Agora descreverei exatamente oque vi naquele momento. Pois minha primeira impressão com certeza seria incompleta, devido meu choque. A mulher estava sentada numa das banquetas que ladeavam a pequena mesa de madeira. Vendo-se da porta ela encontrava-se de costas. Vestia um roupão rosa bem felpudo, que estava desamarrado e aberto totalmente. Não estava com nenhuma roupa, nem mesmo íntima. Seus cabelos dourados e desgrenhados, precipitavam-se em cachos sinuosos para o chão. Olhando-a de lado, podia-se ver seu corpo quase todo à mostra. Os seios eram fartos, mas não eram caídos como pareciam que deveriam ser, e o único defeito ali era um orifício pequeno e redondo, localizado quase  abaixo do seio esquerdo. Tinha uma bela cintura e seu quadril era bem proporcional. Tinha coxas longas e pés delicados. Na parte externa da coxa esquerda mais um orifício, exatamente igual ao outro. As pernas me pareceram, como estavam dispostas, antinaturais, pois se encontravam cruzadas perfeitamente. Sua pele era bem branca, e continha umas poucas sardas no colo. Seu rosto era muito belo, linhas suaves, curvas delicadas e maçãs um pouco proeminentes.  Havia um ferimento profundo em sua testa, e o sangue teve seu caminho dividido por aquele nariz empinado. Seus olhos eram azuis, e encontravam-se semicerrados, oque lhe conferia uma imagem lúgubre. Sua boca entreaberta, bem como suas bochechas afundadas, deixava transparecer que morrera com profunda dor, como seus dentes cerrados corroboravam. Seu braço direito estava caído sobre a mesinha, e sua cabeça apoiava-se nele horizontalmente. O esquerdo pendia ao longo do corpo com a mão crispada.  

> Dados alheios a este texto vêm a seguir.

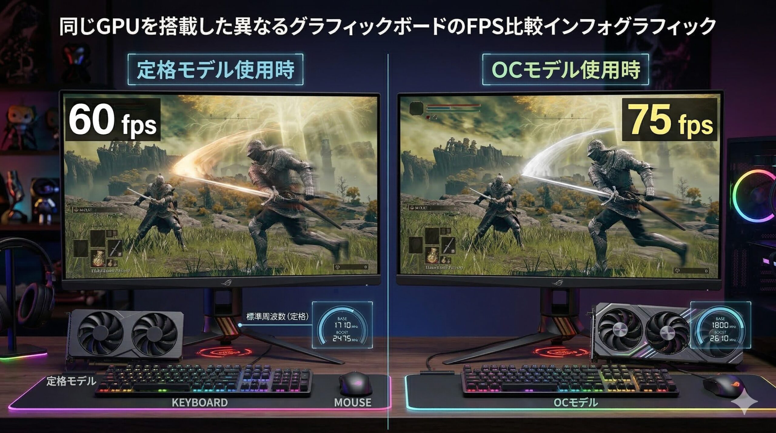 とくに、一瞬の判断が勝敗を分けるFPSゲームや、高解像度(WQHDや4K)で美しいグラフィックを楽しむRPGゲームなどにおいて、数フレームの向上が快適さを大きく左右します。
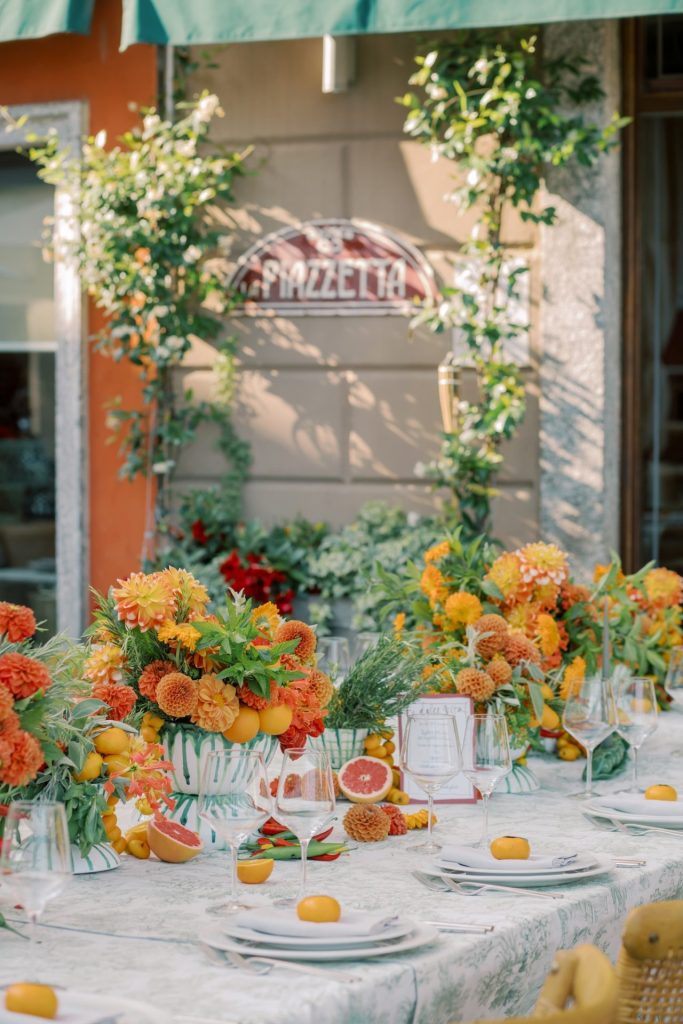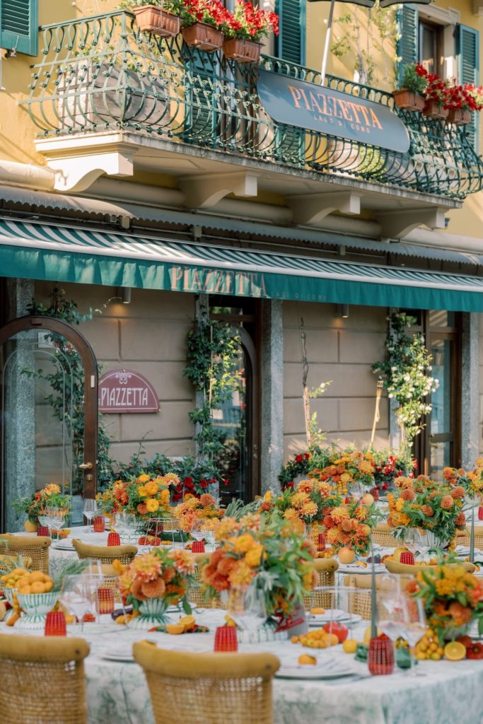 At A Tuscan Welcome Dinner at Fontana Le Ciotole in Piazza Roma, Argegno, Larry Walshe created a vibrant alfresco celebration that captured the relaxed spirit of an Italian summer evening on Lake Como. Drawing inspiration from the warm tones of the surrounding architecture and the charm of a traditional Italian piazza, the design embraced an abundant palette of sun-drenched oranges, citrus yellows, and lush Mediterranean greens.
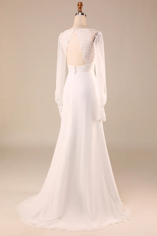 Ivory Long Sleeves Boho Chiffon Open Back Wedding Dress
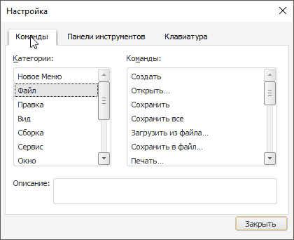 Для настройки панелей инструментов вызовите контекстное меню в области главного меню или панелей инструментов и выполните команду «Настройка».

Ainda sobre a mesa de madeira, encontrava-se um tabuleiro de xadrez. As peças estavam espalhadas por sobre a mesa e também pelo chão. Meu amigo deu uma boa olhada nelas e as recolheu uma a uma, colocando-as em pequenos sacos plásticos. Por último, ele abriu a mão direita da mulher, e de lá retirou mais uma peça de xadrez. Com uma atitude teatral, ele ergueu a peça acima da cabeça como um troféu. Um sorriso ensaiou-se em seu rosto, e ele com todo cuidado guardou a rainha branca num saquinho à parte.
Gross já estava saindo do quarto quando algo lhe chamou à atenção. Voltou por um momento, enfiou a mão no bolso de trás da calça e sacou um pequeno estojo de plástico. Deste, retirou uma minúscula pinça, e recolheu algo no batente da porta do quarto. Então saiu. Virou-se à direita, para o segundo quarto. Examinou também o batente em toda a sua extensão, bem como a porta.
– Podem me esperar na sala? – disse ele.
Virei minha cabeça enquanto me dirigia para um sofá, a tempo de ver Gross agachando-se no corredor e andando lentamente de cócoras. Este corredor era acarpetado, e eu não conseguia imaginar oque ele procurava ali agora, já que tudo tinha sido incansavelmente pisoteado.  Ele, no entanto o fez demoradamente, pois só se reuniu a nós cinco minutos depois.
– Pronto! – declarou ele – Podemos passar às testemunhas.